Tant à faire dans un pays si vaste. Tant à faire avec une économie florissante à Moscou, mais languissante dans le reste de ce pays qui s’étend comme un continent.
Je l’ai expliqué la semaine dernière. La fédération coordonne tous ces programmes et supervise toutes les équipes nationales.
L’ORDRE DU CANADA
Pas possible de passer une heure et demie avec Vladislav Tretiak sans parler de ses plus grands moments.
« Notre victoire de 7-3 au Forum en 1972 lors du premier match de la Série du siècle. Puis, le 3-3 du 31 décembre 1975 au Forum. La plus belle partie de hockey jamais disputée. L’ovation aux sportifs après la rencontre avec Peter Mahovlich et Yvan Cournoyer au centre de la glace. Et la victoire de la médaille d’or aux Jeux de 1976 à Innsbruck. Mais il y en a tellement… comme la victoire de 6-0 au Madison Square Garden à New York, la victoire de 8-1 contre le Canada au Forum en 1981 », dit-il avec le sourire.

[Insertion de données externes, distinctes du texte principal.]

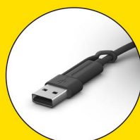
USB C and USB A connectors included
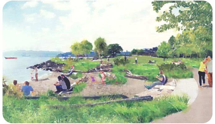
EBC will restore the beach coves in Myrtle Edwards Park, making it easier for people to touch the water.

Puis, il a parlé de Martin Brodeur. Abondamment et avec chaleur : « Le meilleur au Canada. Stable, concentré, grand et fort. En plus, je l’ai connu à mon école de hockey à Brossard quand il était tout jeune ». – Meilleur que Patrick Roy ? – Patrick n’a pas gagné de médaille aux Jeux olympiques.
Et il ajoute, mais pour taquiner le bouillant Casseau : « Quand Serge Savard et le ministre des Sports canadien sont venus me rencontrer à Sarajevo pour que je vienne jouer avec le Canadien, j’étais d’accord. C’était en 1984. Si j’avais été là, Patrick aurait commencé plus tard dans la Ligue nationale », lance Tretiak à la blague.
Il poursuit avec le sourire : « Je n’ai pas gagné la coupe Stanley. Mais je suis le seul Russe à avoir été reçu membre de l’ordre du Canada. Pas mal pour un gars qui vous a souvent battus. »
Mais c’était dit dans la bonne humeur.